I managed to reproduce it ONCE, triggering it not even a second after
starting the script. But I can't seem to do it twice, even after
several reboots and letting it run for minutes.

> With migratetypes 0 and 1 and somewhat harder to reproduce scenario (= less
> deterministic, more racy) it's possible we now see what I suspected can
> happen here:
> https://lore.kernel.org/all/[email protected]/
> In that there are places reading the migratetype outside of zone lock.

Good point!

I had already written up a fix for this issue. Still trying to get the
reproducer to work, but attaching the fix below in case somebody with
a working environment beats me to it.

---

From 94f67bfa29a602a66014d079431b224cacbf79e9 Mon Sep 17 00:00:00 2001
From: Johannes Weiner <[email protected]>
Date: Fri, 15 Sep 2023 16:23:38 -0400
Subject: [PATCH] mm: page_alloc: close migratetype race between freeing and
stealing

There are three freeing paths that read the page's migratetype
optimistically before grabbing the zone lock. When this races with
block stealing, those pages go on the wrong freelist.

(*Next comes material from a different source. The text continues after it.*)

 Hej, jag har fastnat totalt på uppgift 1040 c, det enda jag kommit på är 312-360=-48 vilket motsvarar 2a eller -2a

The paths in question are:
- when freeing >costly orders that aren't THP
- when freeing pages to the buddy upon pcp lock contention
- when freeing pages that are isolated
- when freeing pages initially during boot
- when freeing the remainder in alloc_pages_exact()
- when "accepting" unaccepted VM host memory before first use
- when freeing pages during unpoisoning

None of these are so hot that they would need this optimization at the
cost of hampering defrag efforts. Especially when contrasted with the
fact that the most common buddy freeing path - free_pcppages_bulk - is
checking the migratetype under the zone->lock just fine.

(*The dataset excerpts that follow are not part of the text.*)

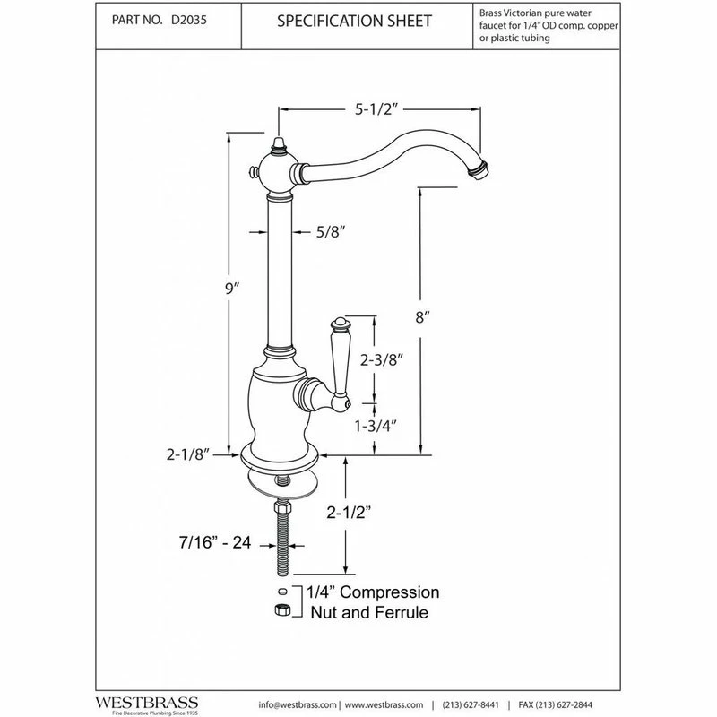 The Westbrass Premium Victorian, 10 in. pure water dispenser with single handle, 1/4-turn ceramic disc, is a stylish and functional addition to any kitchen. Hook up to a water filter, instant water chiller or even directly to your cold tap to provide a simple, easy-to-use water delivery system. Available in a variety of decorative finishes, this item is sure to complement your existing fixtures.
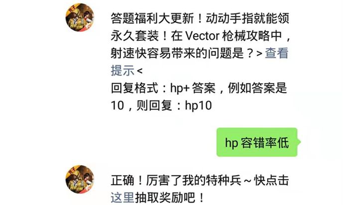 答题福利大更新!动动手指就能领永久套装!在Vector枪械攻略中,射速快容易带来的问题是?>查看提示<
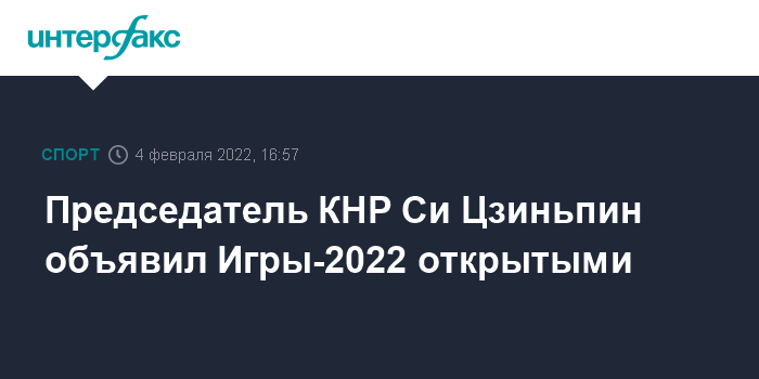 Москва. 4 февраля. INTERFAX.RU - Председатель Китайской народной республики Си Цзиньпин объявил Олимпийские игры-2022 в Пекине открытыми.

In addition, isolated pages need to look up the migratetype under the
lock anyway, which adds branches to the locked section, and results in
a double lookup when the pages are in fact isolated.

Move the lookups into the lock.

Reported-by: Vlastimil Babka <[email protected]>
Signed-off-by: Johannes Weiner <[email protected]>
---
mm/page_alloc.c | 47 +++++++++++++++++------------------------------
1 file changed, 17 insertions(+), 30 deletions(-)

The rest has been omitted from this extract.